Какого же все-таки они вкуса? И поэтому теперь он с тем большим удовольствием продолжает петь:
И в это время мастер Иохан ставит ногу особенно четко. Очевидно, он хочет шагом своим подтвердить, что всё, о чем здесь говорится, чистая правда. Кстати сказать, против того, что в песне, например, поется про талеры, ни одна душа наверняка не станет возражать. Потому что сказано совершенно честно и без всяких обиняков: несите, мол, к нам в мошну золотые талеры! Значит, можно думать, что всё, что за талеры делается, будет сделано так же честно и без всяких обиняков, то есть составленные лекарственные смеси, ну и там всё прочее. Однако дальше петь Марту на этот раз не приходится, ибо они уже пришли. Решительным шагом поднимается мастер Иохан по чисто выметенным ступенькам в дом к господину Калле на улице Мюйривахе, и госпожа Калле самолично встречает его в высоких дверях.

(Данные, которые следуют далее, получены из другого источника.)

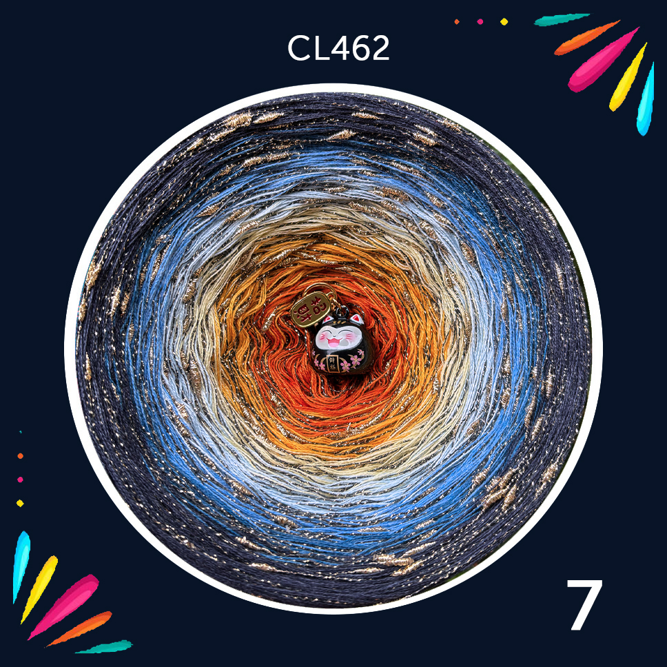 Motek ombre – 3 nitki bawełna 50% / akryl 50% + luksusowy włoski nopek złoty metalizowany na czarnej nitce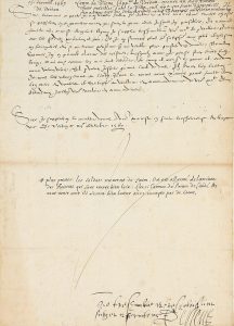 Intéressante lettre concernant la situation dans la ville de Verdun. : « Sire. Trouvant ce porteur, je nay voulu faillir faire entendre à Votre Majesté comme toutes choses se passent en ce Gouvernement, qui sont la grâce à Dieu jusques icy paisibles, et n'avons faultes si ce n'est d'argent ; à quoy je supplie très humblement Vostre majesté de y voulloir pourvoir, car les soldats meurent de fain, et je n'y saurois plus faire satisfaire aux gens d'Eglise ny bourgeois, et si, ne trouve personne qui me veuille plus prester uny denier ; Nous sommes icy en grande alarme des Meistres, lesquels, comme je pense, sont encor bien loing ; mais ainsi comme l'on m'a fait entendre, le Camp de Monseigneur le Prince de Condé nous vient venir ; s'il y vient, J'espere qu'avec l'aide de Dieu, ils seront bien battus, et nous les renvoyerons au . Pour le moins, nous n'avons point faulte de bon cœur et voulonté de satisfaire au Voulloir et Commandements de Vostre Majesté ; en attendant . Vostre Voulloir et Commandement,Sire, Je supplieray le Créateur donner à Nostre Majesté, en santé, très heureuse et longue Vie. De Verdun ce 4 Décembre 1569. Vostre très humble et très obéissant. Subject et Serviteur. De Viene Au Roy ».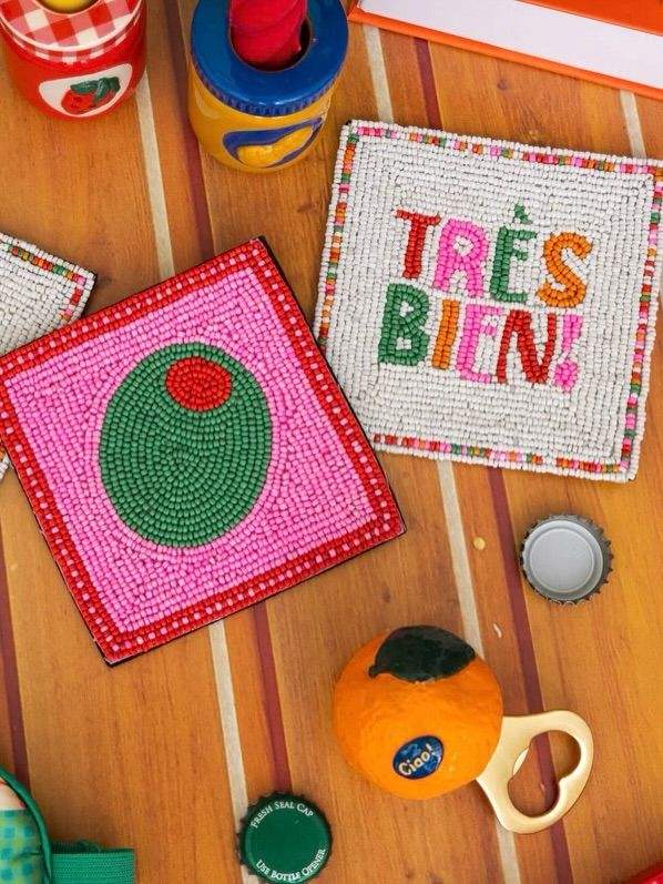 แผ่นรองแก้วปักลายลูกปัด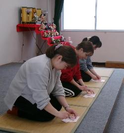 ひな人形の前で、ハイチーズ!!楽しい一日になりました。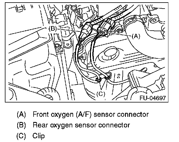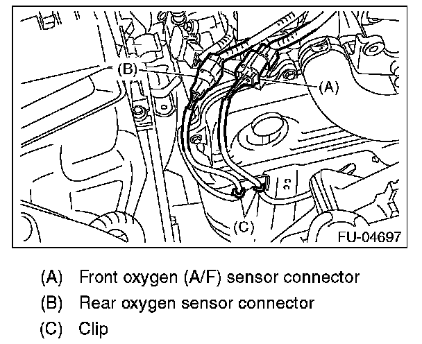 3. Disconnect the front oxygen (A/F) sensor connector, and remove the clip holding the front oxygen (A/F) sensor harness.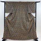 美品 紬 身丈160.5cm 裄丈63.5cm S 袷 花菱 草花 黒灰 正絹 秀品 中古 在庫一掃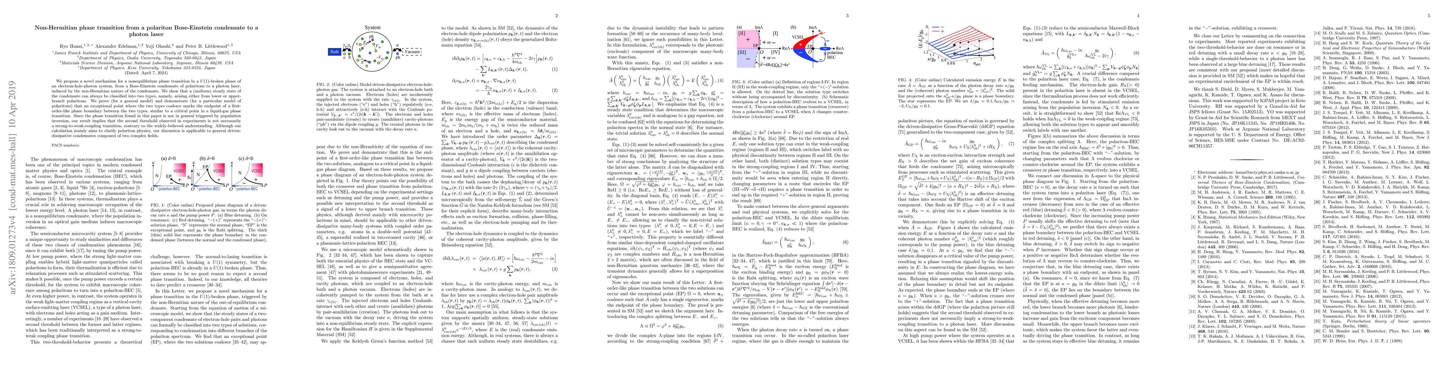 We propose a novel mechanism for a nonequilibrium phase transition in a $U(1)$-broken phase of an electron-hole-photon system, from a Bose-Einstein condensate of polaritons to a photon laser, induced by the non-Hermitian nature of the condensate. We show that a (uniform) steady state of the condensate can always be classified into two types, namely, arising either from lower or upper-branch polaritons. We prove (for a general model) and demonstrate (for a particular model of polaritons) that an exceptional point where the two types coalesce marks the endpoint of a first-order-like phase boundary between the two types, similar to a critical point in a liquid-gas phase transition. Since the phase transition found in this paper is not in general triggered by population inversion, our result implies that the second threshold observed in experiments is not necessarily a strong-to-weak-coupling transition, contrary to the widely-believed understanding. Although our calculation mainly aims to clarify polariton physics, our discussion is applicable to general driven-dissipative condensates composed of two complex fields.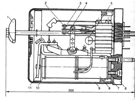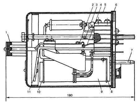Некоторые конструктивные особенности. Основными деталями аварийных малогабаритных штепсельных реле типа АШ2 (рис. 138) являются: 1 — ручка; 2 — фронтовой контакт; 3 — общий контакт; 4 — тыловой контакт; 5 — диод; 6 — основание; 7 — ярмо; 8 — катушка; 9 — колпак; 10 — сердечник; 11 — якорь.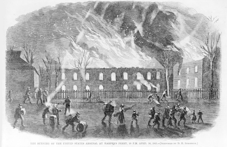 Union troops set fire to and evacuate Harpers Ferry Arsenal. Virginia militia seize most of its equipment.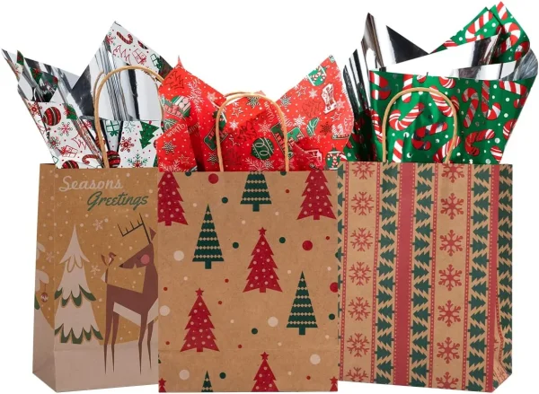 Our tissue paper Christmas is made from the highest quality raw materials, including tissue paper and non-toxic craft glue, and non-BPA. This product will make your creative work eye-catching and impressive. Christmas decorating is one of the most enjoyable parts of the holiday season. It’s also one of the easiest ways to get into the holiday spirit! These Christmas Tissue Wrap Rolls are perfect for wrapping gifts, creating paper balls, or making tissue paper garlands. It comes in 15 red, green, and silver designs. The best thing about this Christmas tissue paper bulk for gift bags is that it is made with 100% recycled material so it is safe for use around children and pets!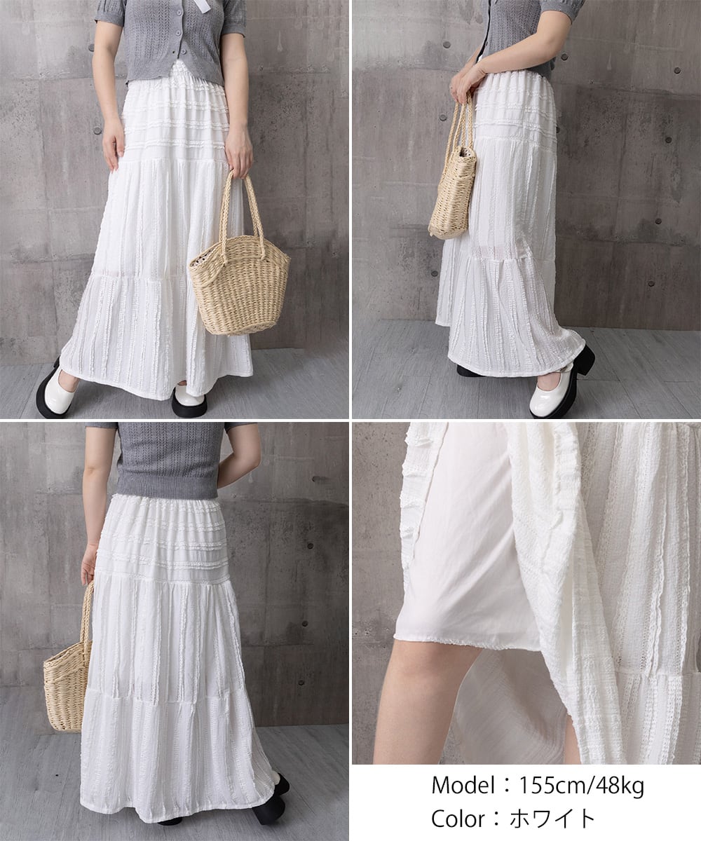 レースロングスカート ティアードスカート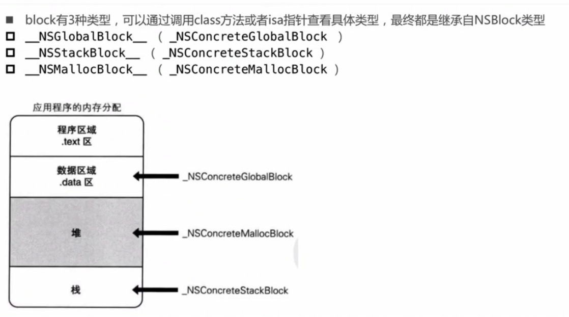 __NSGlobalBlock__(数据区block) 、__NSStackBlock__(盏区block) 、__NSMallockBlock__(堆区block)
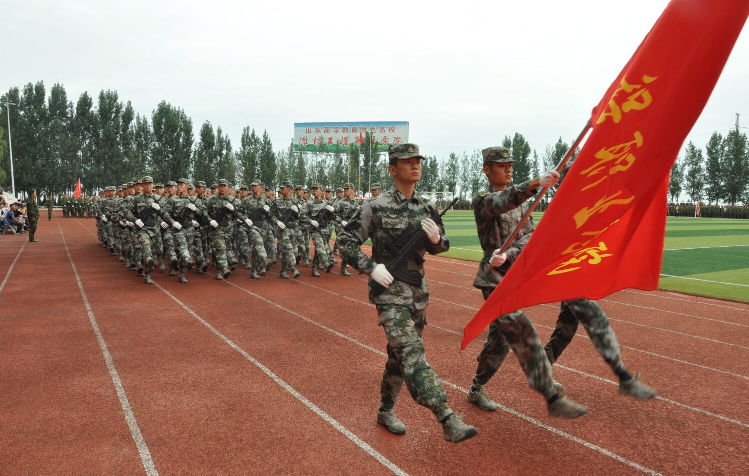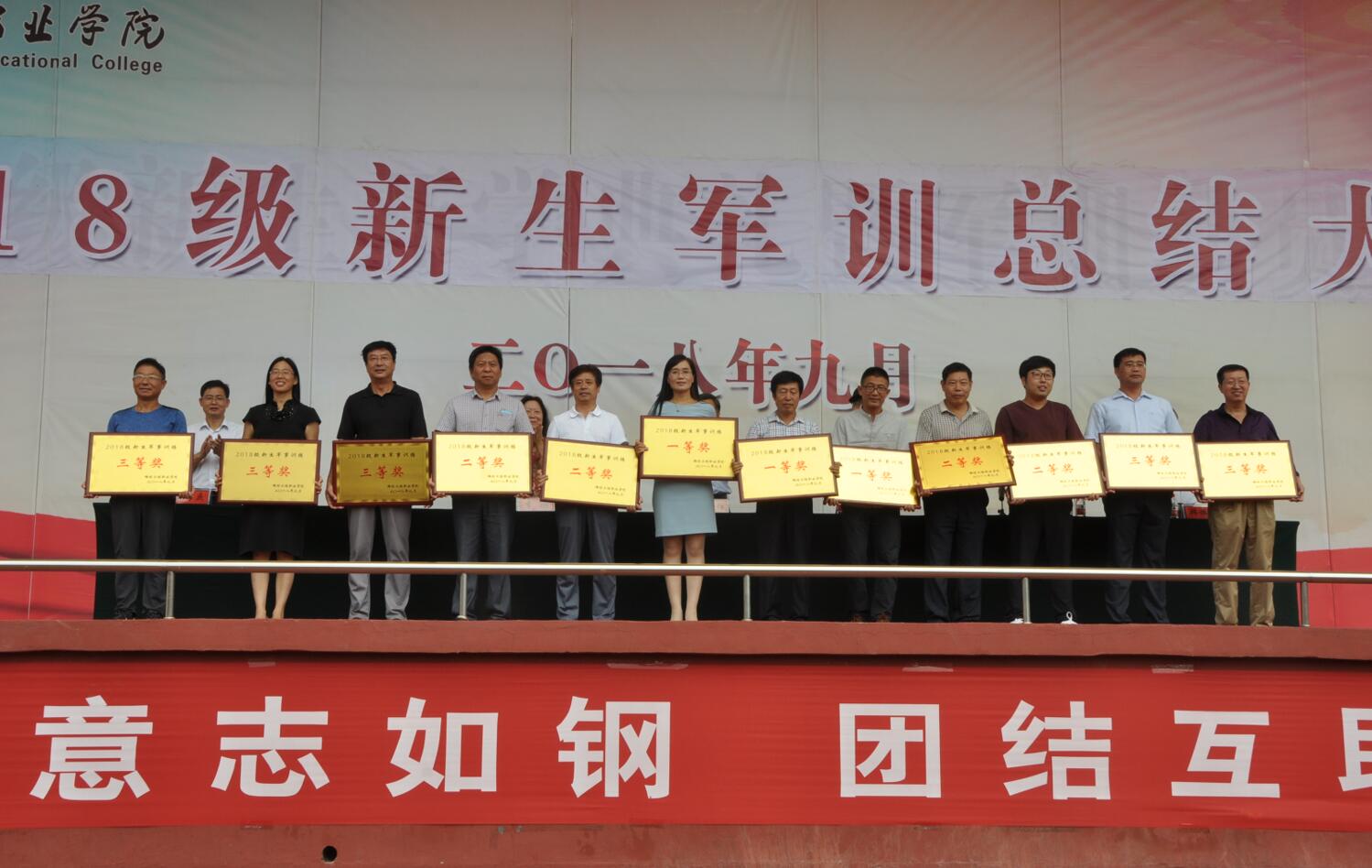 9月14日上午,我院2018级新生军训总结大会在操场隆重举行。学院院长高立伯,火箭军士官学校学兵三大队大队长张宁,院领导李琳、王金明、那菊华、韩振华、王守庆出席大会。相关部门、各系(院)负责同志、军训教官、教师代表和2018级全体新生参加了大会。大会由副院长韩振华主持。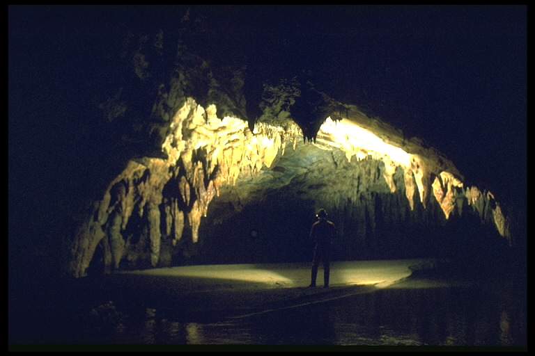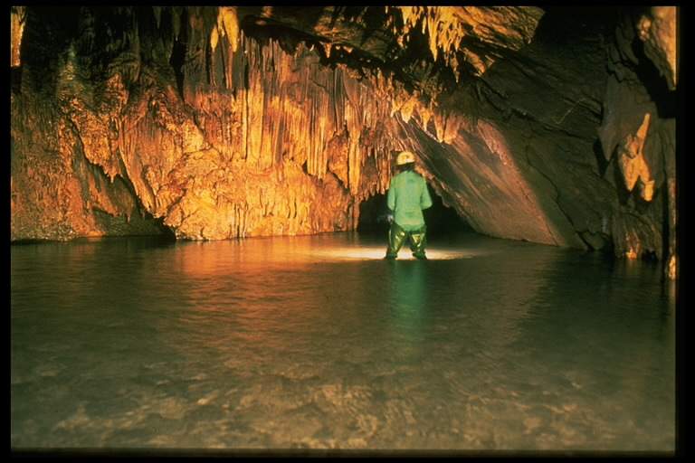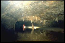 ETE 1995 Une exploration jusqu’au siphon S4 laisse apparaître un violent courant d’air. Ce passage latéral soufflant nous intrigue et fera l’objet d’une expédition les années suivantes. ETE 1997 Le franchissement du siphon 5 sera une formalité après un recreusement des sables qui bloquent un petit chenal de plafond. L'exploration va nous mener jusqu'à la cote 5871m, point de confluence de 2 affluents qui se terminent sur siphon à respectivement à 6076 m et 7791 m. La topographie de 8544 m sera réalisée complètement. Mr Nikos IOANINIS réalisera la totalité de l'exploration lors de nos travaux de topographie. Une aide locale nous viendra du représentant du canton Mr LEFTERI, Maire de KOKINOIA . L'hydromètrie, la chimie et la thermométrie viennent en complément des expériences de traçages menées lors des campagnes précédentes. |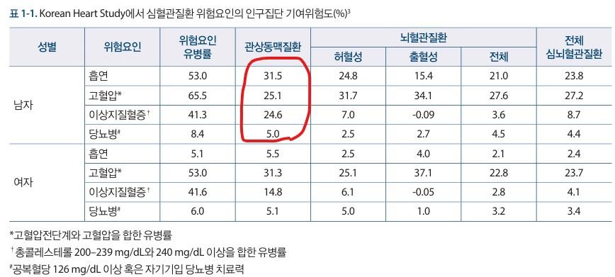 이상지질혈증 진료지침에 나와있는 표입니다.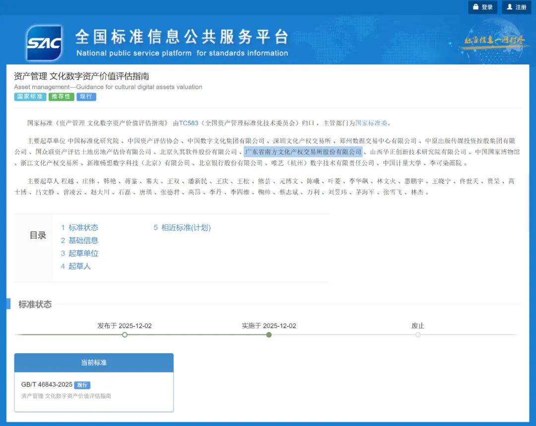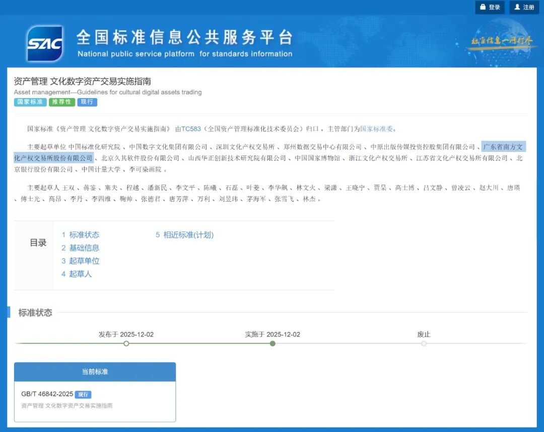2025年12月2日,由南方文化产权交易所深度参与起草的两项国家标准——《资产管理 文化数字资产价值评估指南》(GB/T 46843-2025)与《资产管理 文化数字资产交易实施指南》(GB/T 46842-2025)正式发布并同步实施。这两项标准的实施,标志着我国在文化数字资产领域从“自发探索”迈向“规范引领”的新阶段。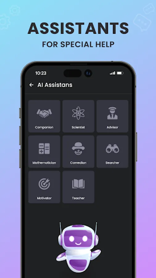 1. Choose Your Perfect Assistant: Select from a diverse range of AI assistants including companions, scientists, advisors, mathematicians, comedians, searchers, motivators, or teachers. Customize your AI bot to cater to your specific needs.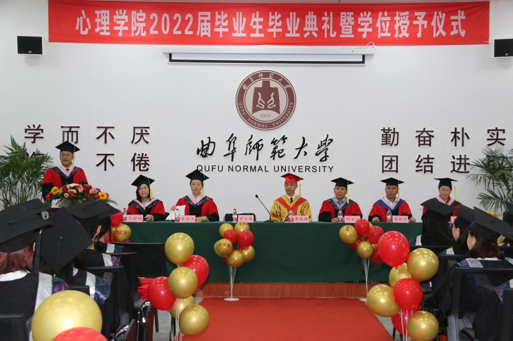 曲阜师大新闻中心讯(通讯员:贺现网) 赓续华章,再响曲园骊歌;六月芳华,扬帆再启征程。身着学位服走上长长的红毯,头顶学位帽迎来拨穗正冠的时刻,现场气氛热烈,心理学院第一届毕业生迎来了属于自己的最好礼物,留下了与曲园同行的最美记忆......6月21日上午,心理学院举行2022届毕业生毕业典礼暨学位授予仪式。半岛在线体育网党委常委、副校长李兆祥为毕业生代表拨穗正冠、颁授学位证书、赠送毕业礼物。101名本科生、42名硕士研究生、部分家长、教师代表、在校生代表等通过线上线下的方式欢聚于此,共同见证这一收获时刻。典礼仪式由心理学院党委书记罗文伟主持。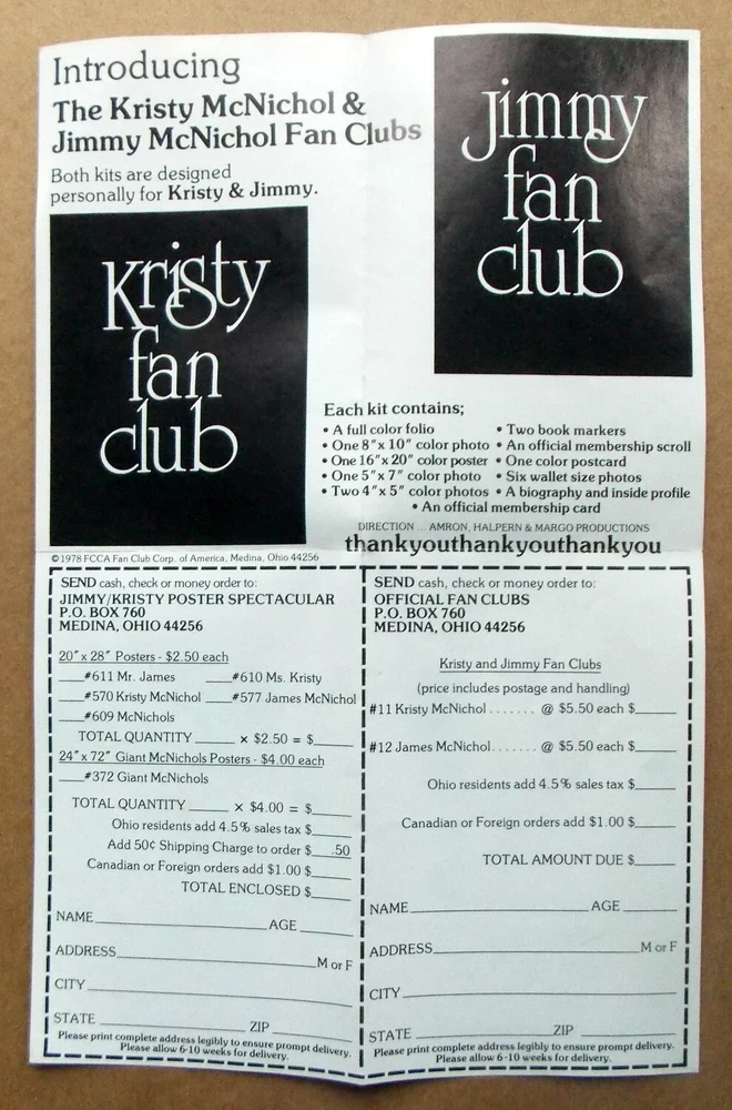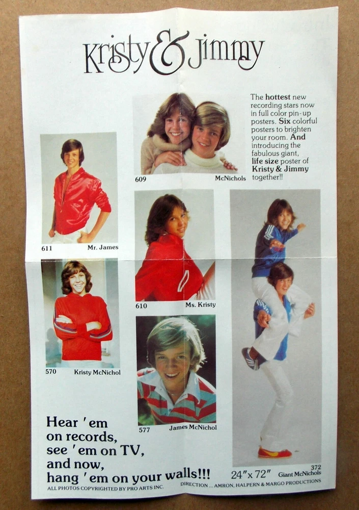 Welcome to TraderbyNature Visit our TraderbyNature Store!!! We have over 100 celebrity dolls & action figures from the 1960s-80s. We specialize in helping you find that last 1970s-80s BODY, HEAD or CLOTHING ACCESSORY to complete your doll or action figure. "1978 KRISTY & JIMMY MCNICHOL -- NEWEST TEENAGE RECORDING STARS -- POSTERS & FAN CLUB -- "ORIGINAL" ADVERTISEMENT -- 8 1/2 INCHES BY 5 1/2 INCHES" This listing is for the KRISTY & JIMMY MCNICHOL "ORIGINAL" ADVERTISEMENT ONLY . tbn663 This advertisement is one sheet of paper; our photos show the front and the back of the ad . This "original" advertisement is 8 1/2 inches by 5 1/2 inches and was given out with the 1978 Kristy McNichol doll. This item is in VERY GOOD CONDITION and taken RIGHT OUT OF THE BOX . We are not an action figure or television memorabilia expert. We are selling in "AS IS" condition, but please, feel free to "ASK US" any questions you might have on this item.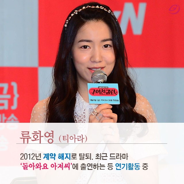 티아라 멤버였던 류화영은 2012년 계약이 해지되면서 탈퇴했다. 최근 드라마 ‘돌아와요 아저씨’에 출연하는 등 연기활동을 하고 있다.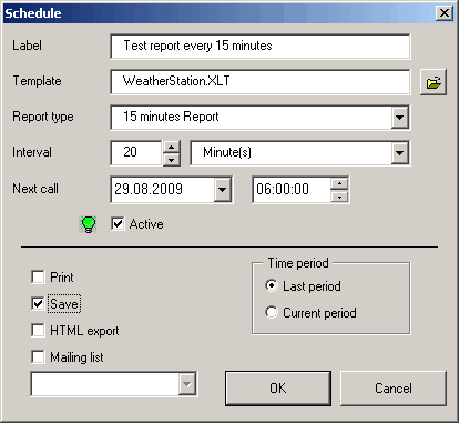 In the Quick selection facility and the Schedule option, you can select the time range when configuring automatic report generation. Reports can be generated automatically for a period already completed or for a period still in progress.

Это тучная госпожа с весьма важным лицом, или — если говорить прямо — старая карга со злющими глазами. На ней роскошное зеленое бархатное платье, по нескольку фунтов серебра на шее и запястьях, а на пальцах так даже и золото (ибо до повеления, которое ограничивает великолепие даже ратманских супруг, опять-таки должна пройти еще добрая сотня лет).
Кланяясь госпоже, мастер Иохан превращается в такой крюк, что Марту за его спиной кланяться уже и ни к чему, в ответ госпожа только кивает, и то больше подбородком, чем головой, и возвещает:
— Нет, здоровье ратмана нисколько не улучшилось. Живот у него болит. Крестец у него дергает. Всё его тело изнывает. — Но про то, что желчь ударила ратману в голову и что он подсвечники и суповые миски домочадцам в голову швыряет, про это госпожа мастеру не говорит.
И они торопливо входят в дом, и мастер снова кланяется, на этот раз уже ратману, и опять так же низко, и Март опять обходится без поклона. Ратман возлежит на великолепной кровати с балдахином, она стоит в большой горнице прямо под мышкой у лестницы, ведущей в верхние комнаты. На ратмане ночная рубашка тонкого льняного полотна, но лицо — мрачнее мрачного. Усы у него пестрые, с проседью, взъерошенные и колючие, и он едва замечает поклон мастера Иохана.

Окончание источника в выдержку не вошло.